Recorded data
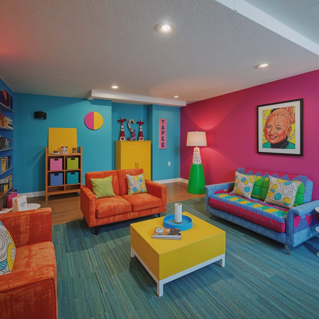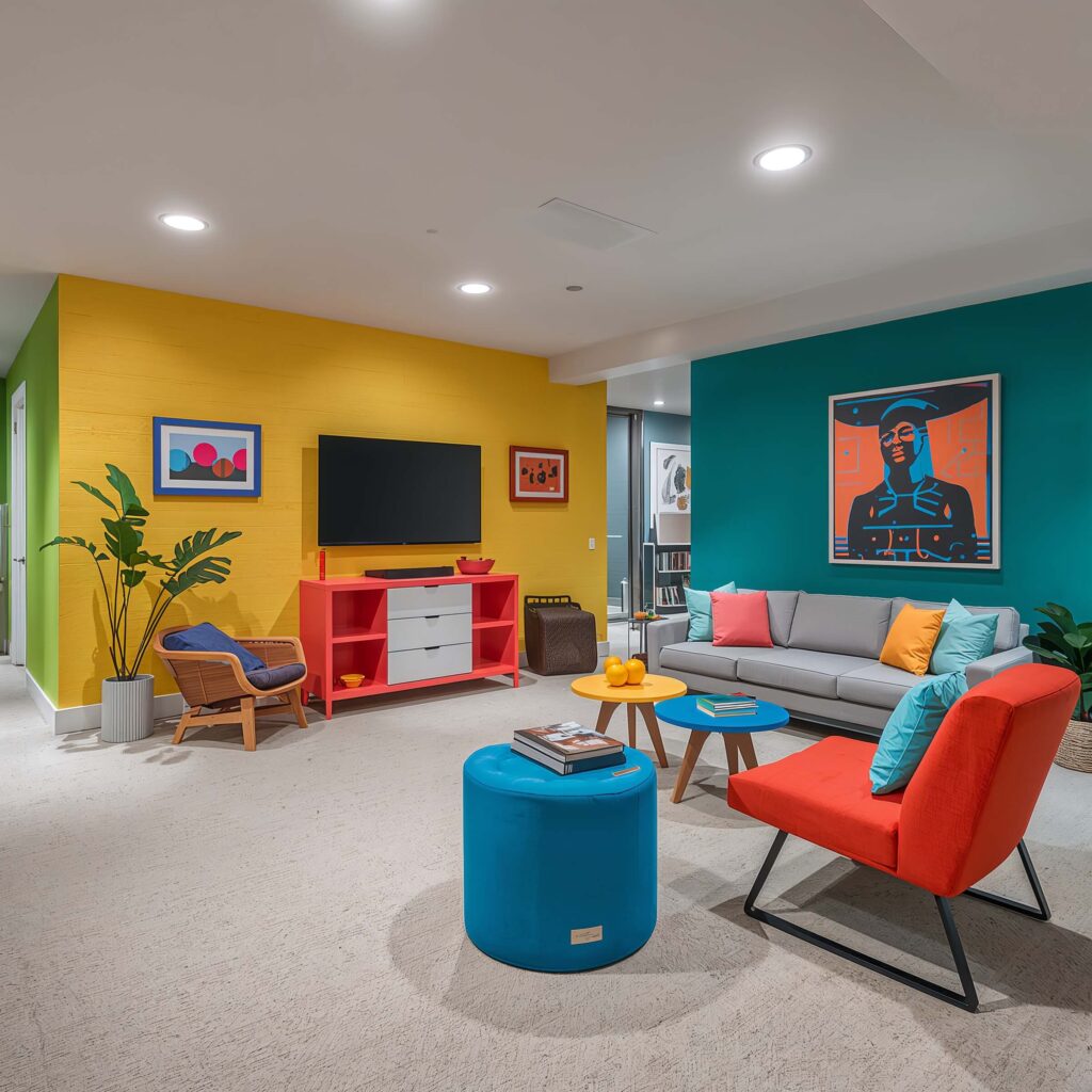 Vibrant Color Pops for Basement Walls
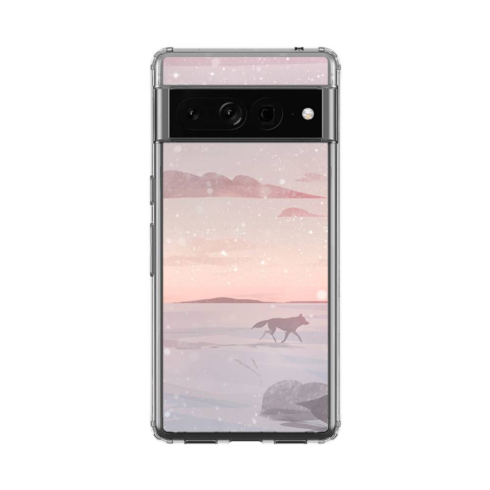 冬の野原を走る狼 Google Pixel 7 Pro クリアケース
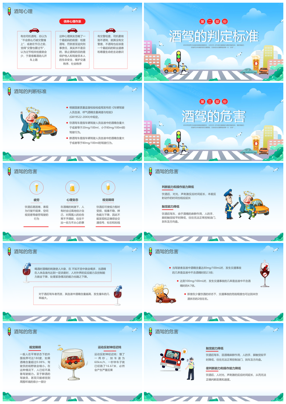 这是一张2025珍爱生命拒绝酒驾交通安全教育插画PPT模板,包含2025、珍爱生命、拒绝酒驾、交通安全教育、插画等主题内容,也可用作珍爱生命拒绝酒驾、拒绝酒驾交通安全、交通安全教育插画、珍爱生命交通安全、拒绝酒驾教育插画、交通安全教育、拒绝酒驾教育、珍爱生命安全、酒驾交通安全、安全教育插画、交通教育插画、珍爱生命、拒绝酒驾、交通安全、教育插画等PPT场景使用。 风云办公提供的2025珍爱生命拒绝酒驾交通安全教育插画PPT模板,下载格式为pptx,一共24页,作品中文字及图均可以修改和编辑,图片更改请在作品中右键图片并更换,文字修改请直接点击文字进行修改。
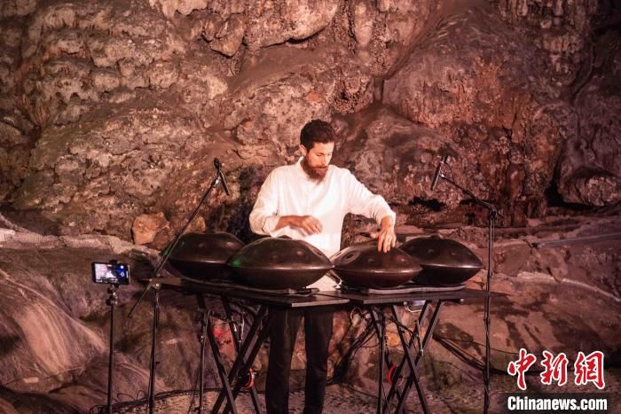 12月11日,2022桂林艺术节期间,被称为“鬼手”的以色列手碟演奏家Liron Man(李荣满)在广西桂林市七星岩溶洞内,为听众们带来精彩的手碟演奏“远山淡影”。手碟是一种打击乐器,声音空灵神秘,被誉为天籁之音。中新网
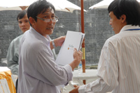 Khoảng 10 giờ 15, đã có vài người mua được nhà. Đám đông càng phấn khích. Bất cứ ai sau khi đặt tiền cọc xong đi ra là được 2 nhân viên của chủ đầu tư bảo vệ như... yếu nhân. Ông Nguyễn Văn Sơn, mặt bơ phờ, mồ hôi nhễ nhại mua được 1 căn hộ diện tích 100m2 lầu 7 với giá 260.000 USD, cho biết: "Tôi xếp hàng từ 4 giờ chiều qua giờ mới mua được một căn. Phải đặt cọc trước 2.000 USD và chủ đầu tư hẹn 10.11 đến ký hợp đồng".
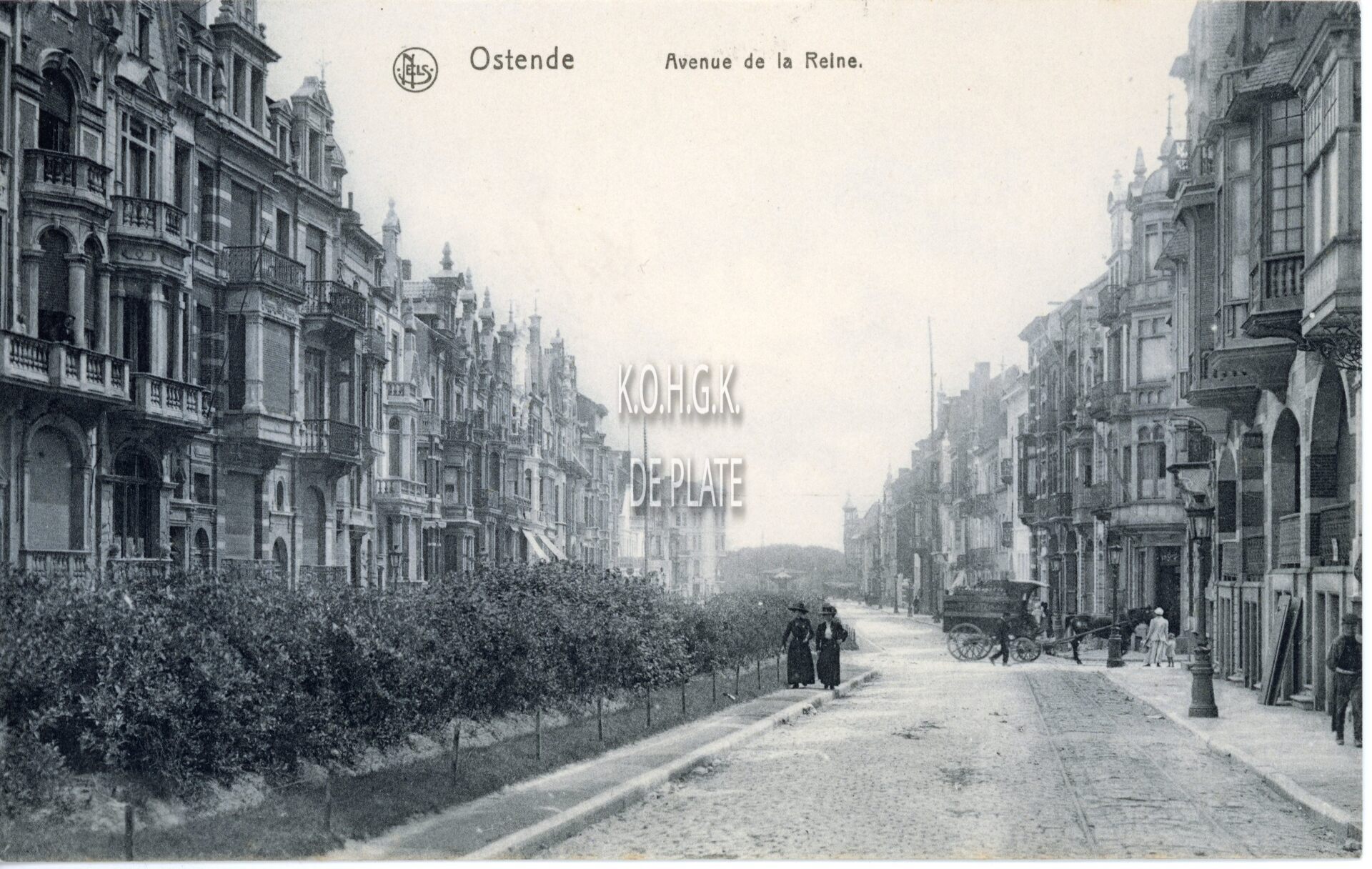 Nels, Ostende, 36. - Ostende. Avenue de la Reine. De Koninginnelaan gezien vanaf de Zeedijk richting het kruispunt Petit Paris.
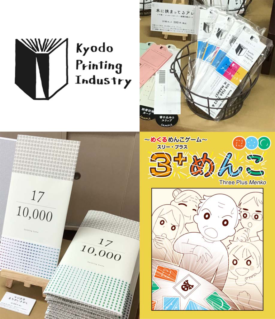 一度は目にしたことのある「本に挟まっているアレ」や、印刷機資材をリユースした「ブランコースター」、四六全判のおおきな紙に1万字を印刷した「マジ万字まちがいさがし」、めくってかえす新しいめんこのゲーム「スリープラスめんこ」などなど、多数のオリジナル商品をご用意してお待ちしております。
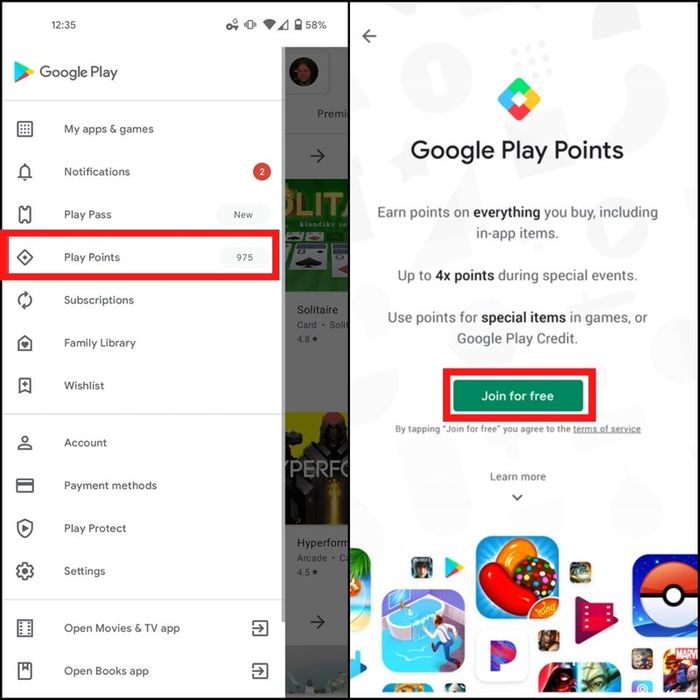 Bước 1: Đầu tiên, tham gia chương trình Play Points bằng cách đăng ký tham gia. Truy cập vào CH Play và nhấn vào Play Points > Join for free.
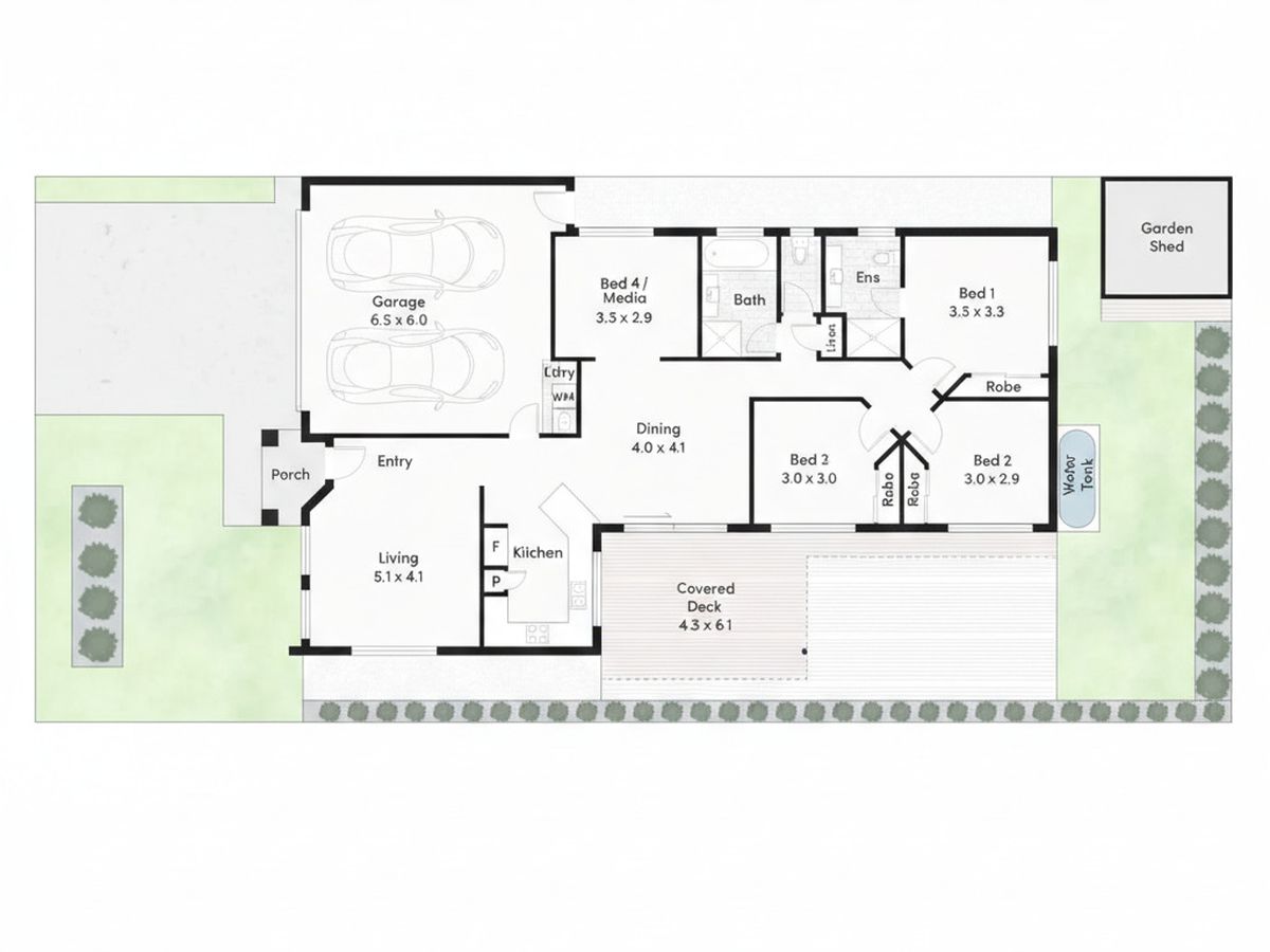 • 5,000L water tank plumbed to laundry & garden
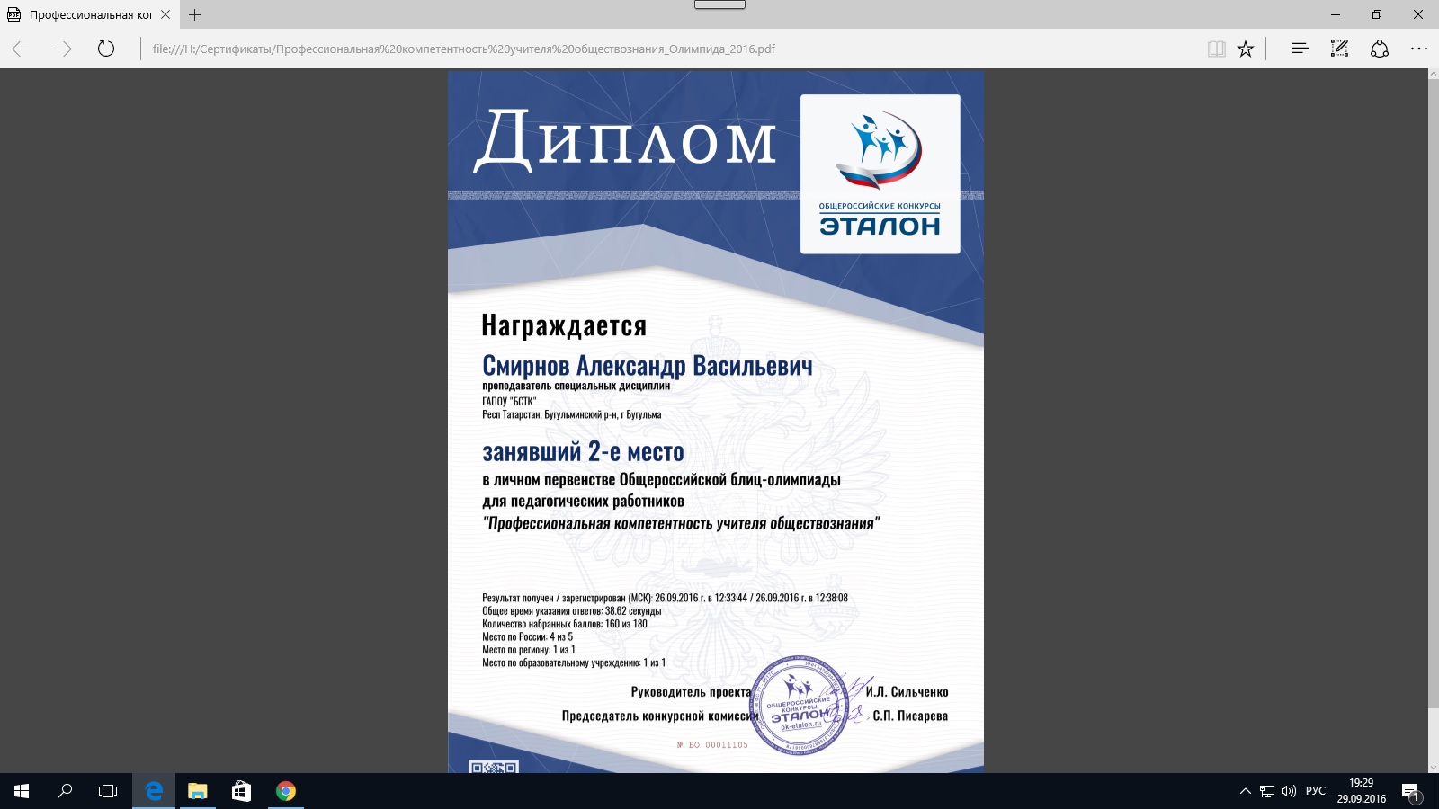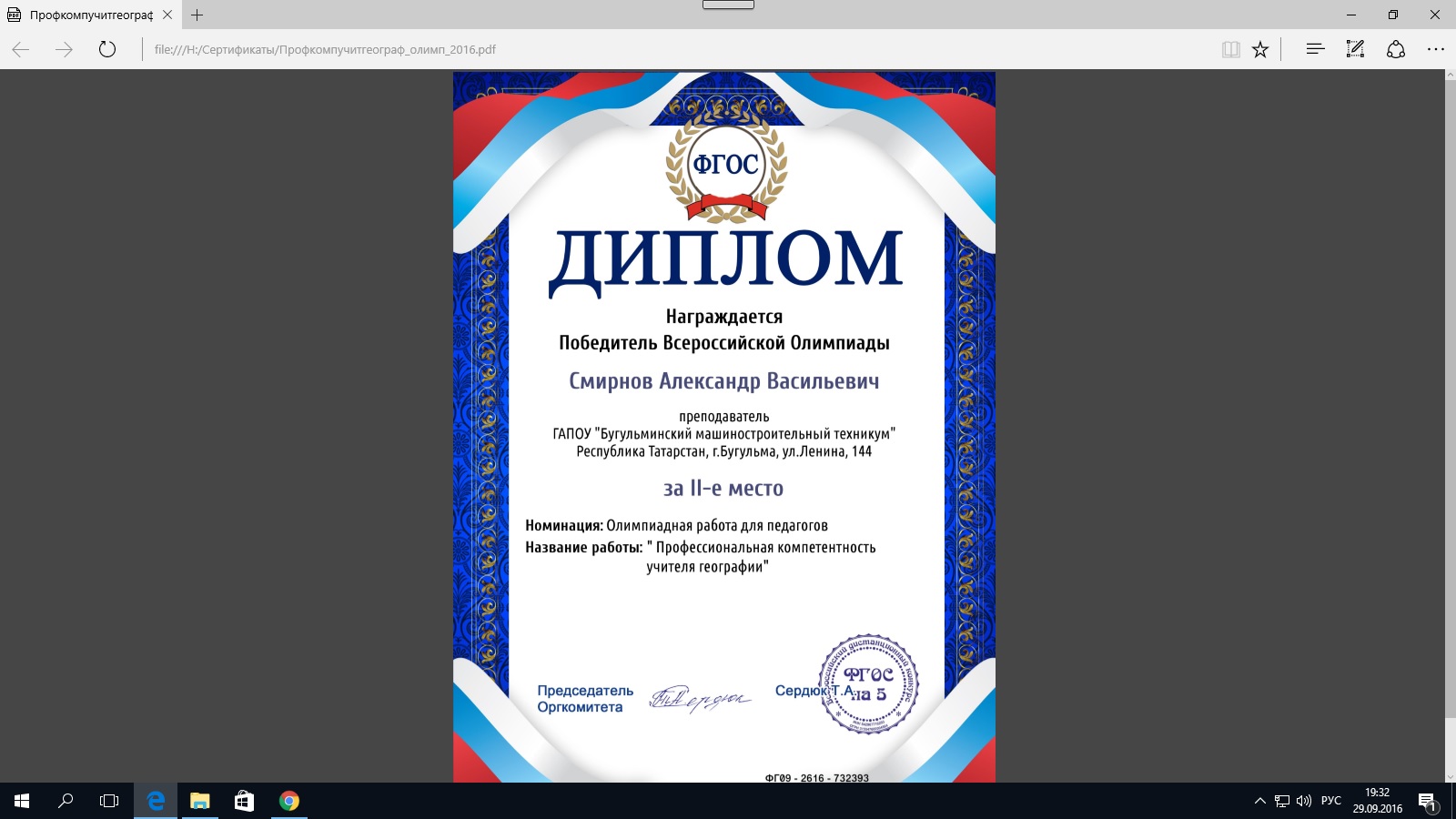 1. Всероссийская олимпиада "Профессиональная компетентность учителя географии" (2-е место)
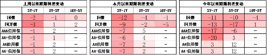 同业存单方面,上周同业存单发行利率大体上行,其中发行规模最多的3M股份银行上行6BP,1Y国有银行下行3BP。

◆ Work to be completed
Without the pictures, print the records in full, exactly as they appear.

◆ Answer space
 Vibrant Color Pops for Basement Walls
 冬の野原を走る狼 Google Pixel 7 Pro クリアケース
 这是一张2025珍爱生命拒绝酒驾交通安全教育插画PPT模板,包含2025、珍爱生命、拒绝酒驾、交通安全教育、插画等主题内容,也可用作珍爱生命拒绝酒驾、拒绝酒驾交通安全、交通安全教育插画、珍爱生命交通安全、拒绝酒驾教育插画、交通安全教育、拒绝酒驾教育、珍爱生命安全、酒驾交通安全、安全教育插画、交通教育插画、珍爱生命、拒绝酒驾、交通安全、教育插画等PPT场景使用。 风云办公提供的2025珍爱生命拒绝酒驾交通安全教育插画PPT模板,下载格式为pptx,一共24页,作品中文字及图均可以修改和编辑,图片更改请在作品中右键图片并更换,文字修改请直接点击文字进行修改。
 12月11日,2022桂林艺术节期间,被称为“鬼手”的以色列手碟演奏家Liron Man(李荣满)在广西桂林市七星岩溶洞内,为听众们带来精彩的手碟演奏“远山淡影”。手碟是一种打击乐器,声音空灵神秘,被誉为天籁之音。中新网
 Khoảng 10 giờ 15, đã có vài người mua được nhà. Đám đông càng phấn khích. Bất cứ ai sau khi đặt tiền cọc xong đi ra là được 2 nhân viên của chủ đầu tư bảo vệ như... yếu nhân. Ông Nguyễn Văn Sơn, mặt bơ phờ, mồ hôi nhễ nhại mua được 1 căn hộ diện tích 100m2 lầu 7 với giá 260.000 USD, cho biết: "Tôi xếp hàng từ 4 giờ chiều qua giờ mới mua được một căn. Phải đặt cọc trước 2.000 USD và chủ đầu tư hẹn 10.11 đến ký hợp đồng".
 Nels, Ostende, 36. - Ostende. Avenue de la Reine. De Koninginnelaan gezien vanaf de Zeedijk richting het kruispunt Petit Paris.
 一度は目にしたことのある「本に挟まっているアレ」や、印刷機資材をリユースした「ブランコースター」、四六全判のおおきな紙に1万字を印刷した「マジ万字まちがいさがし」、めくってかえす新しいめんこのゲーム「スリープラスめんこ」などなど、多数のオリジナル商品をご用意してお待ちしております。
 Bước 1: Đầu tiên, tham gia chương trình Play Points bằng cách đăng ký tham gia. Truy cập vào CH Play và nhấn vào Play Points > Join for free.
 • 5,000L water tank plumbed to laundry & garden
 1. Всероссийская олимпиада "Профессиональная компетентность учителя географии" (2-е место)
 同业存单方面,上周同业存单发行利率大体上行,其中发行规模最多的3M股份银行上行6BP,1Y国有银行下行3BP。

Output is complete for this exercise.